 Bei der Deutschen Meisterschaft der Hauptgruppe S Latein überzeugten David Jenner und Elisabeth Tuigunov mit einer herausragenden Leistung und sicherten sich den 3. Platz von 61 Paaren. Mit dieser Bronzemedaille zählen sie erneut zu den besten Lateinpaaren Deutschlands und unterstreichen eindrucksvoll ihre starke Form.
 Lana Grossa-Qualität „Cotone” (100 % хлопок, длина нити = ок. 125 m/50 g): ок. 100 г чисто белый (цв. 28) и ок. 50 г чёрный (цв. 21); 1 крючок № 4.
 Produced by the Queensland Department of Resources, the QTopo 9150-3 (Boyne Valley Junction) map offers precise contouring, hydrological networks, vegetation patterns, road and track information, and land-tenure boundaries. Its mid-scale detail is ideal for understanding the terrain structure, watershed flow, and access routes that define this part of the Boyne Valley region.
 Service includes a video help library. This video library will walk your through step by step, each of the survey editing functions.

============

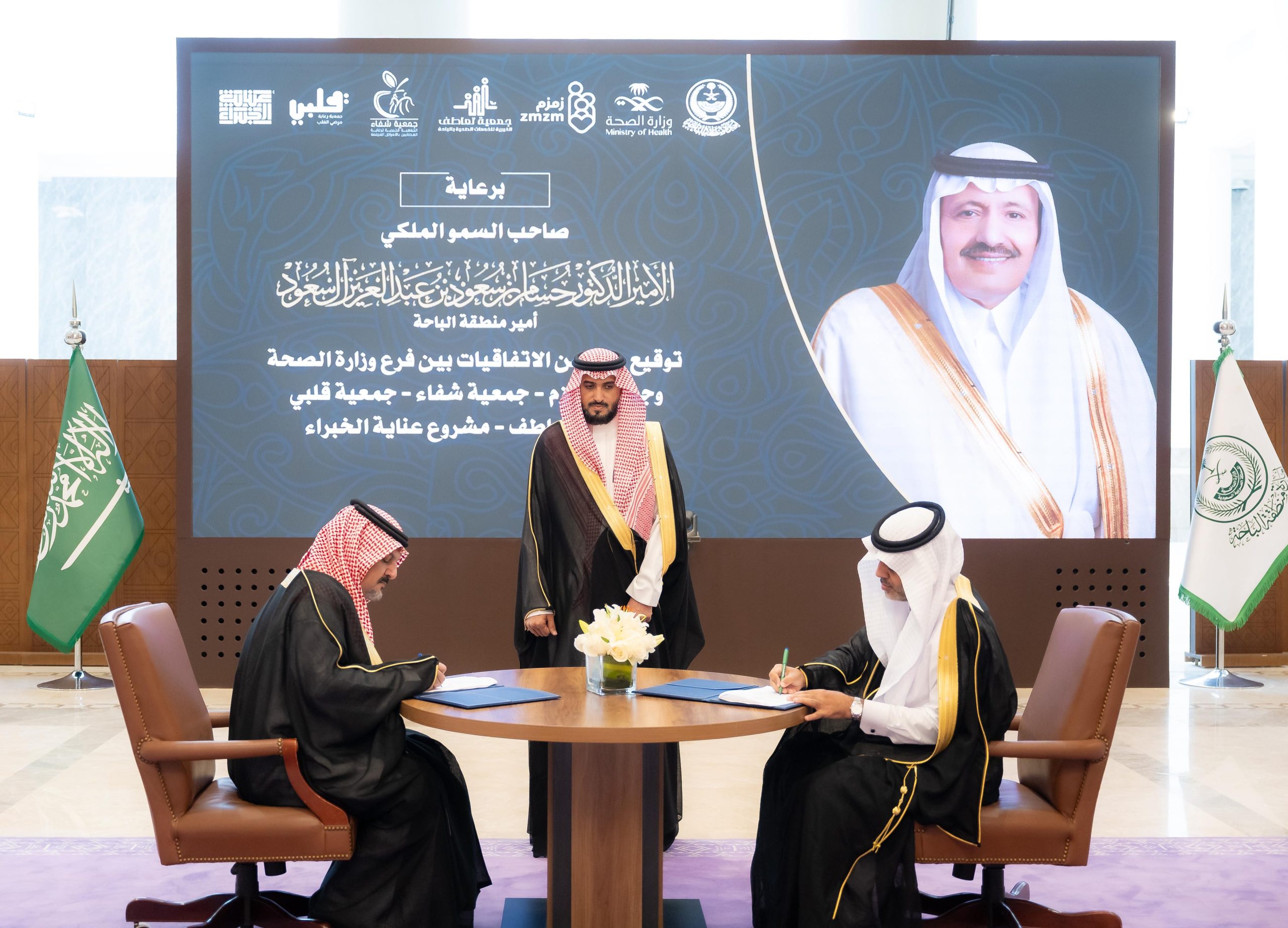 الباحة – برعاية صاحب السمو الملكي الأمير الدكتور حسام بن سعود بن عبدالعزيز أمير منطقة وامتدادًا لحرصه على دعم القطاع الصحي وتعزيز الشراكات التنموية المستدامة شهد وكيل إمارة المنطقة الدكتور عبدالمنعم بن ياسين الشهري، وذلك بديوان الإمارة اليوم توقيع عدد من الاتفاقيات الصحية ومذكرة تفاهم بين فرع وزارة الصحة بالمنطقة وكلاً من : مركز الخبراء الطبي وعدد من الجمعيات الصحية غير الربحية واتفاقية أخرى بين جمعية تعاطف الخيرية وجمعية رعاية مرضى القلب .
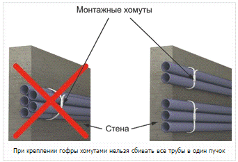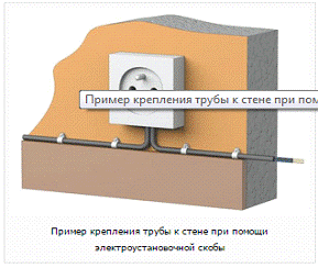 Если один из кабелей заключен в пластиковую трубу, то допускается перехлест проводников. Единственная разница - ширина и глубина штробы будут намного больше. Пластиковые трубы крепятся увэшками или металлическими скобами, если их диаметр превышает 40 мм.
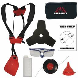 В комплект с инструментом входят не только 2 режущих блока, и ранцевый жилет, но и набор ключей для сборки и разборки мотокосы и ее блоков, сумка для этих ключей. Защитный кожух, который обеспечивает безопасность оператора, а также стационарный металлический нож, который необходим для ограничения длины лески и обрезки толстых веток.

============

▶ [Task prompt]
Copy the lines above exactly, starting at the one with "Если один из" and ending at the one with "В комплект с", both included. Leave out any pictures and add nothing else.

▶ [Task output]
 Если один из кабелей заключен в пластиковую трубу, то допускается перехлест проводников. Единственная разница - ширина и глубина штробы будут намного больше. Пластиковые трубы крепятся увэшками или металлическими скобами, если их диаметр превышает 40 мм.
 В комплект с инструментом входят не только 2 режущих блока, и ранцевый жилет, но и набор ключей для сборки и разборки мотокосы и ее блоков, сумка для этих ключей. Защитный кожух, который обеспечивает безопасность оператора, а также стационарный металлический нож, который необходим для ограничения длины лески и обрезки толстых веток.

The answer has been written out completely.